I am married to a person whom I love and was in a relationship with him since class 9. Though there were many problems, I was still in love with him and continued to be with him.
I happened to be good friends with one of his friends and together we were enjoying our friendship. Slowly we fell in love. He confessed one day that he is in love, but since I was already with my husband, I ignored it. We continued to talk and also had physical relations. He satisfies me more than my husband. He is very caring and understands me.
But my husband is also nice. And now since my husband is improving on his relations with me I want to give it a chance, but can’t since I remember my friend a lot. Please guide me what to do. I feel bad about cheating my husband and guilty of being like this.
Prachi Vaish says:
I can understand the dilemma you are in but here I must remind [restrict] you that you cannot have your cake and eat it too.
Your husband: If you admit that your husband has been good throughout, then your relationship with the other guy is purely out of temptation. You must accept it in your heart and then look at the bigger picture.
Your affair: What do you stand to lose if you continue your affair? And all the things that you stand to lose, are they worth losing over a relationship which probably has no future? We are faced with a lot many temptations in our lives and it’s okay to indulge in them sometimes (which you already have); however, you also must not lose your logical head over these temptations, but think rationally about the practical aspects of life.

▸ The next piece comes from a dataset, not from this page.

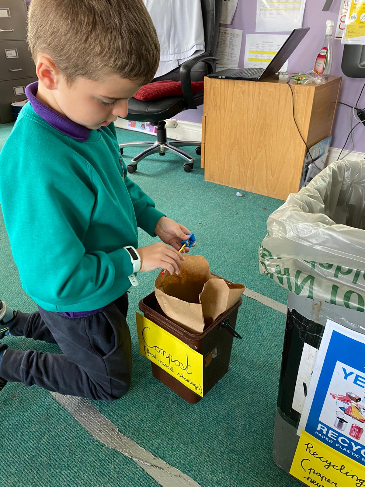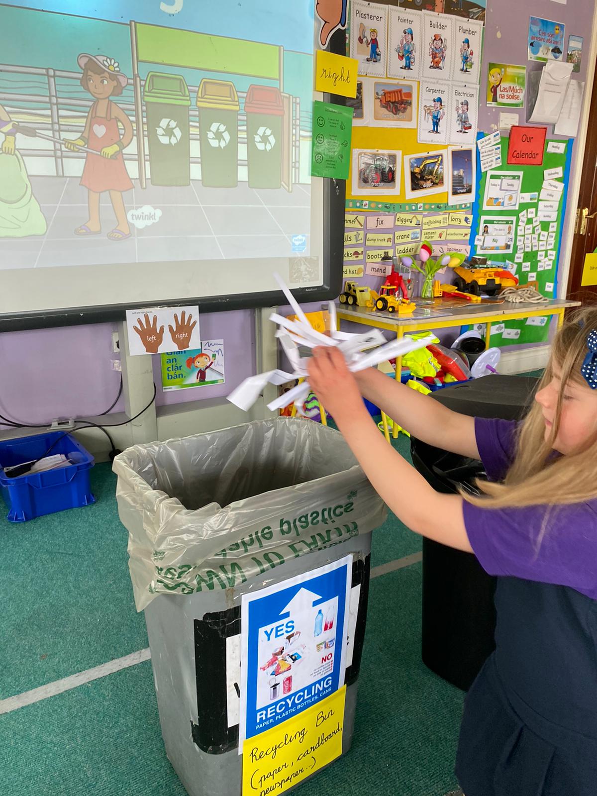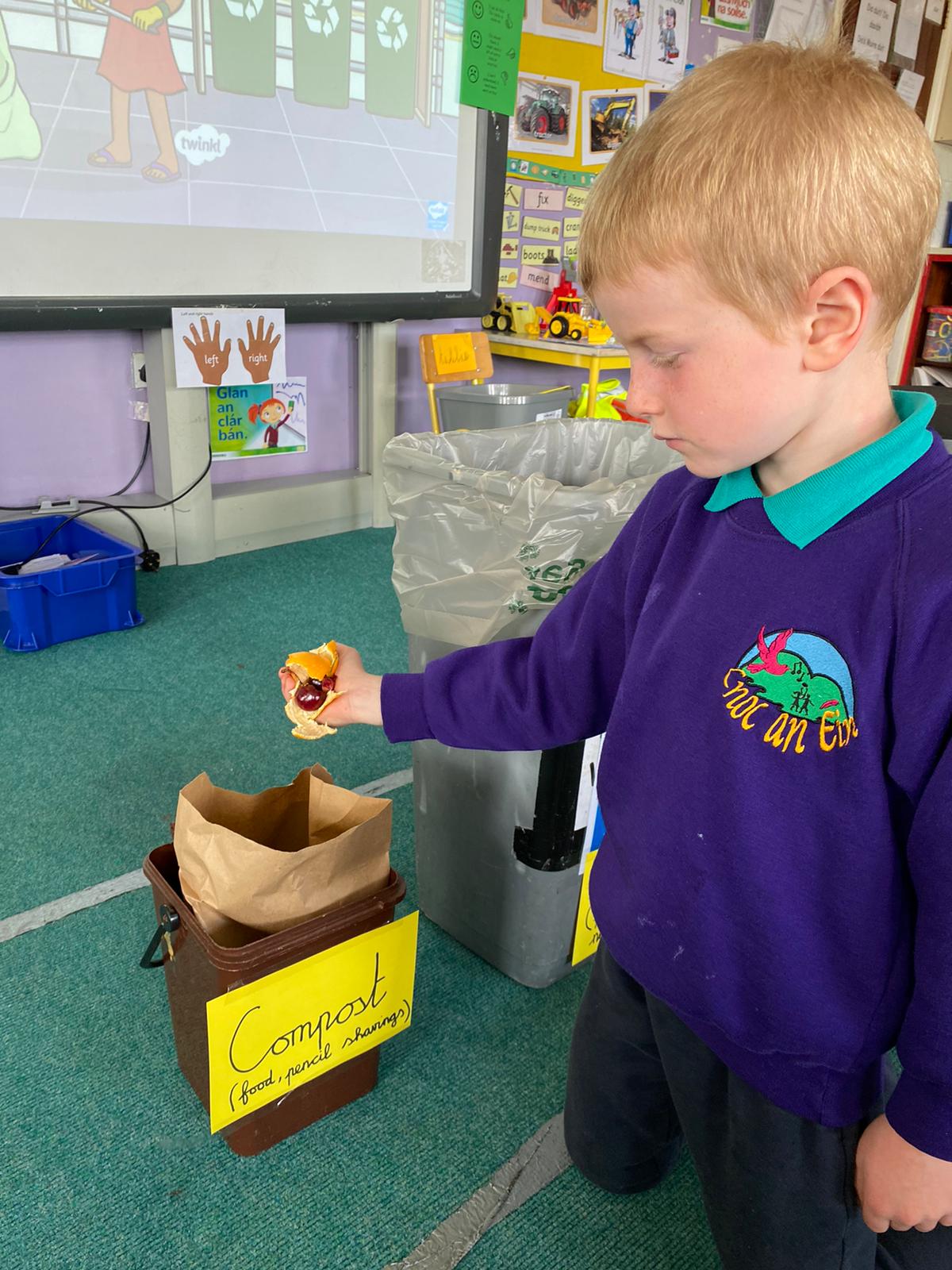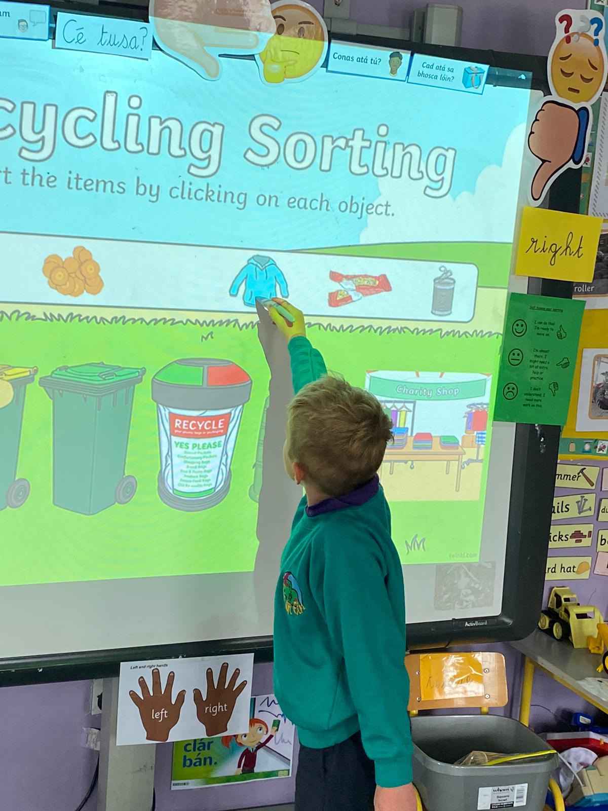 The senior infants have been learning about waste and recycling too. They engaged in a rubbish sorting activity and had to decide which bin the items would go into. They also learned about the different ways you can save water, and they made a lovely writing display.

Your marriage: You have built a good marriage with your husband and he still seems to be putting in an effort. I think you should try and look beyond your selfish motives of gratification and look at things from his point of view. Put yourself in his place and imagine how you would have felt to discover him loving another woman despite you putting all your effort in the marriage.
I think you’ll know what to do. I wish you strength and happiness!